Seven Databases in Seven Weeks, 2nd Edition

Day 3: Taking It to the Cloud

On Days 1 and 2, you got quite a lot of hands-on experience using HBase in standalone mode. Our experimentation so far has focused on accessing a single local server. But in reality, if you choose to use HBase, you’ll want to have a good-sized cluster in order to realize the performance benefits of its distributed architecture. And nowadays, there’s also an increasingly high chance that you’ll want to run it in the cloud.

Here on Day 3, let’s turn our attention toward operating and interacting with a remote HBase cluster. First, you’ll deploy an HBase cluster on Amazon Web Services’ Elastic MapReduce platform (more commonly known as AWS and EMR, respectively) using AWS’s command-line tool, appropriately named aws. Then, you’ll connect directly to our remote HBase cluster using Secure Shell (SSH) and perform some basic operations.

Initial AWS and EMR Setup

EMR is a managed Hadoop platform for AWS. It enables you to run a wide variety of servers in the Hadoop ecosystem—Hive, Pig, HBase, and many others—on EC2 without having to engage in a lot of the nitty-gritty details usually associated with managing those systems.

Whenever you’re using AWS—or any other cloud provider—always keep in mind that you’re using paid services.
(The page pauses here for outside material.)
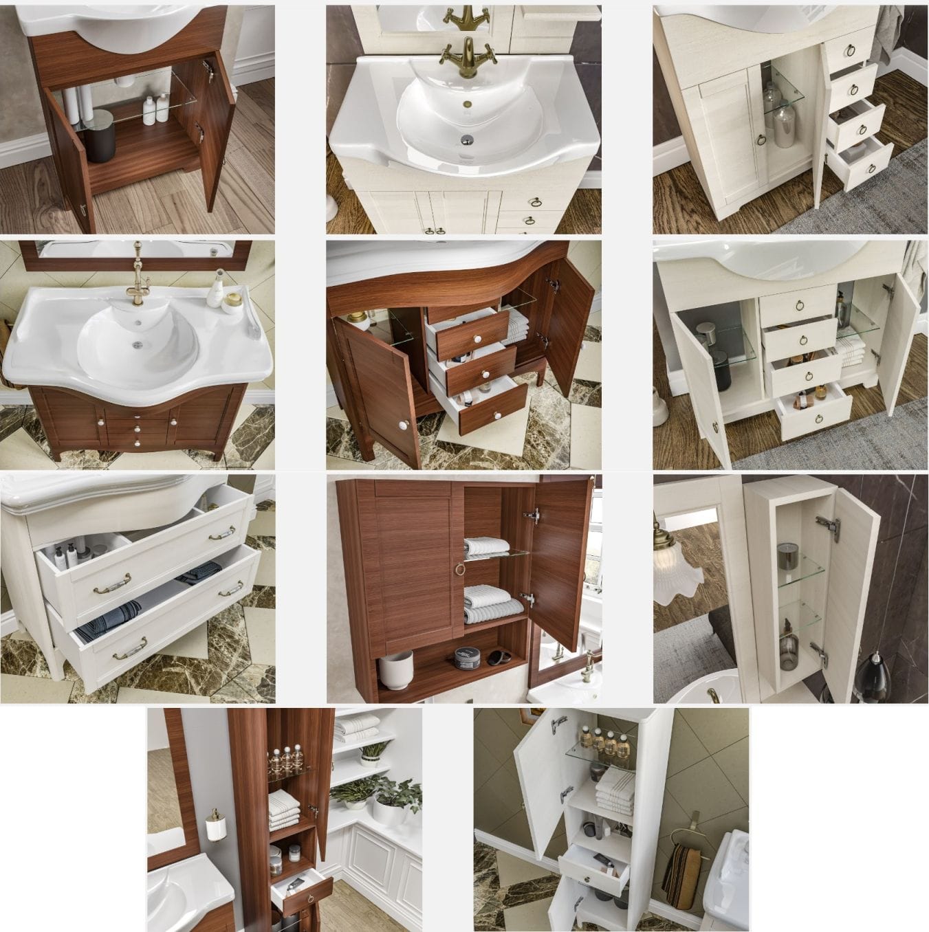 Klasszikus kialakítású bútorok, amelyek lehetővé teszik a fürdőszoba hagyományos stílusban történő elrendezését.

The exercise that you’re about to go through will probably be free for you, but it may end up costing a few units of whatever your local currency happens to be. You’re free to leave the cluster running, especially if you want to do the Day 3 homework in the next section, but we recommend terminating it whenever you’re done so that you don’t rack up unwanted costs. To do so at any time, use the terminate-clusters command (more on setting a CLUSTER_ID environment variable later in this section):

	$ aws emr terminate-clusters \
	--cluster-ids ${CLUSTER_ID}

You can also set up a usage-based alarm using AWS’s CloudWatch service in case you want some extra assurance that you won’t end up with any unpleasant billing surprises.^[18]

Before you can get started spinning up an HBase cluster, you’ll need to sign up for an AWS account.^[19] Once you’ve created an account, log into the IAM service in the AWS console^[20] and create a new user by clicking Add User.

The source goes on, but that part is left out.